O estás aquí, en el mundo real. O estás allí, entre las páginas del último libro de Mircea Cartarescu, ‘Solenoide’. Me levanto, escribo, paseo, preparo la comida, hago las tareas de la casa, juego con la gata, escucho la radio, pero estoy en todo momento con ese profesor que soñaba con escribir. Camino con él por las calles de su infancia, evoco con él la figura de sus padres, atravieso con él los malos momentos de su servicio militar, le acompaño en la habitación de esa casa con forma de barco en la que escribe… Me deslizo por sus páginas como uno se desliza por las aguas casi terapéuticas de una piscina vacía, acristalada. Me deslizo por sus páginas como el profesor se desliza por el agua -casi terapéutica también- de su bañera. El mundo exterior es entonces algo difuso, lejano. No importa que llueva (llueve) o haga sol (rara vez en estos días cercanos al invierno, agonizando ya otro año). Me dejo llevar por esa lectura como uno se deja llevar cuando tiene algo de fiebre. Suspendido en un territorio un tanto etéreo, hipnótico. Dulcemente etéreo, dulcemente hipnótico.
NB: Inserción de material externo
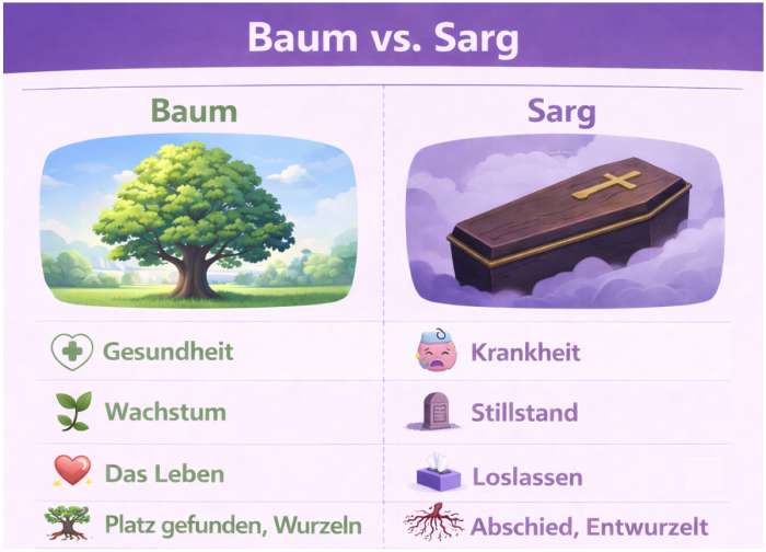„Sarg + Baum“ → Beruflich etwas beenden damit es sich danach gesund weiter entwickeln kann
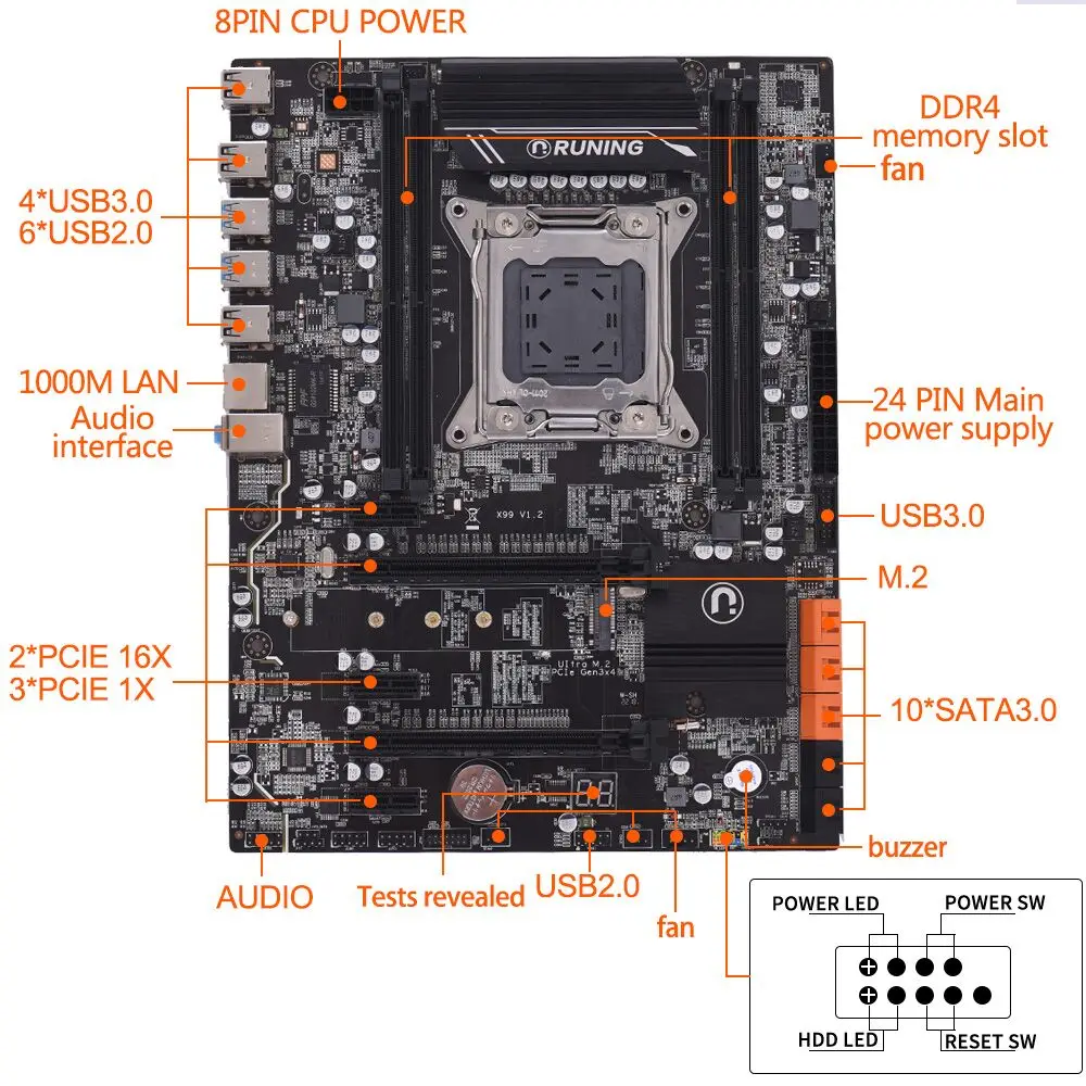 Product Name: Nowa płyta główna pulpitu X99 V1.2 DDR4 ATX LGA2011 cpmputer DIMM gniazda SATA 3.0 i USB 3.0
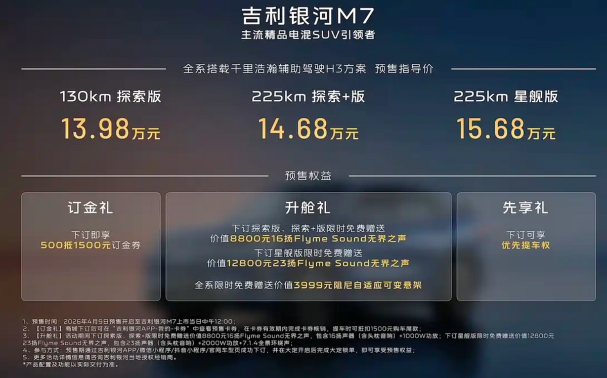4月8日,吉利银河M7预售,价格为:13.98万-15.68万元,超长续航1730km,就问谁看了这个数字不迷糊?

Ese territorio que te aleja momentáneamente de lo cotidiano, de las noticias, de los mensajes recibidos en el móvil, de las voces embarulladas que llegan del exterior. Mis calles, las de ahora y las de la infancia, ya no son mis calles, sino las de este profesor que empieza la narración contándonos que ha vuelto a coger piojos. Su pelo largo roza el pelo de sus alumnos y los dichosos bichos pasan de una cabeza a otra con total libertad: como uno atraviesa las piedras para cruzar un río o los viejos tablones de un puente para llegar al otro lado. O mejor dicho: mis calles, las de ahora y las de la infancia, se asemejan a las suyas. Los mapas se entrecruzan y ya no hay fronteras. En el fondo, ya lo sabemos, todas las familias se parecen. Y todas las vidas, también. Es algo que vamos aprendiendo al mismo tiempo que cumplimos años y en el rosto y en las manos van apareciendo las inevitables arrugas. Según avanzamos por lecturas y vericuetos, por mares en calma y enfermedades, por encuentros dichosos y desencuentros inesperados. Todo ese vaivén que recorre múltiples estados de ánimo. De la adolescencia a la madurez. Sólo es necesario no bloquearse ante los sentimientos, y observar. Observar constantemente.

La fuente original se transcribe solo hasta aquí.